» WHAT IS BEING ASKED
Each line below is to be repeated exactly; any picture is to be left out.

» DATASET SECTION

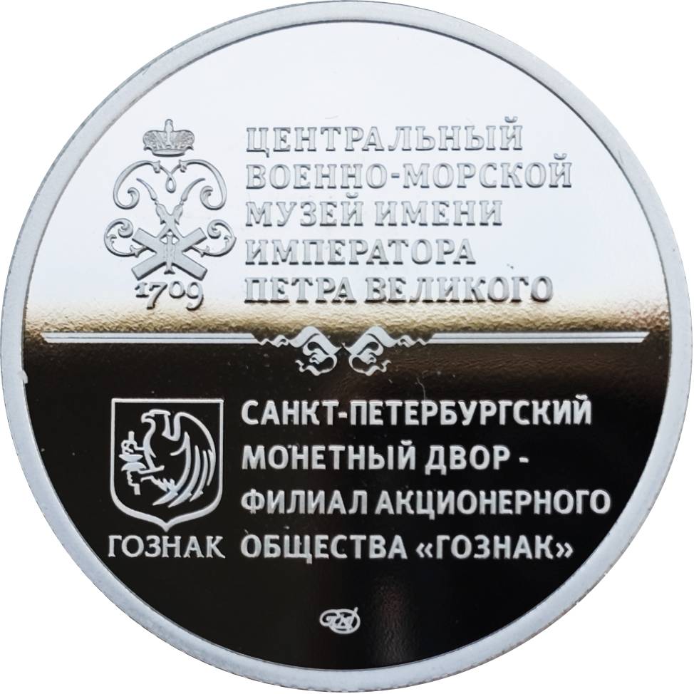Опис: Логотип Центрального морського музею імені імператора Петра Великого (у вигляді монограми Петра I та дати заснування 1709), логотип Гознак, знак монетного двору та написи.
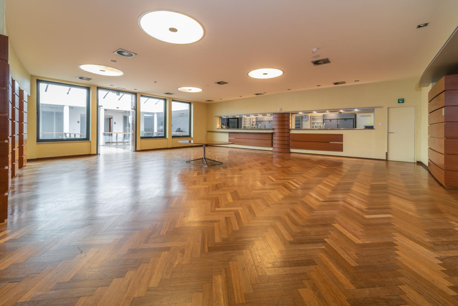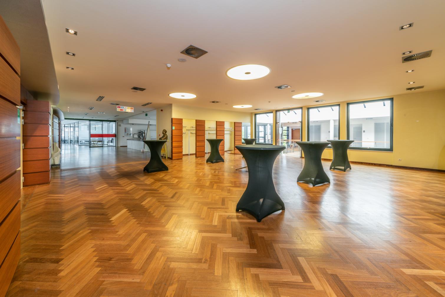 De Feestzaal en Foyer hebben samen een capaciteit van 350 personen.
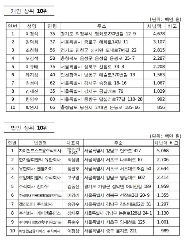 They are 1,078 individuals with a combined 73.6 billion won in unpaid taxes and 499 companies with 49.6 billion won in outstanding liabilities. Most delinquents have outstanding taxes between 10 million and 30 million won, while 201 failed to pay over 100 million won.
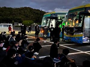 2年生108名が西階運動公園駐車場で出発式を行い笑顔で出発しました。

» ANSWER BOX
Опис: Логотип Центрального морського музею імені імператора Петра Великого (у вигляді монограми Петра I та дати заснування 1709), логотип Гознак, знак монетного двору та написи.
 De Feestzaal en Foyer hebben samen een capaciteit van 350 personen.
 They are 1,078 individuals with a combined 73.6 billion won in unpaid taxes and 499 companies with 49.6 billion won in outstanding liabilities. Most delinquents have outstanding taxes between 10 million and 30 million won, while 201 failed to pay over 100 million won.
 2年生108名が西階運動公園駐車場で出発式を行い笑顔で出発しました。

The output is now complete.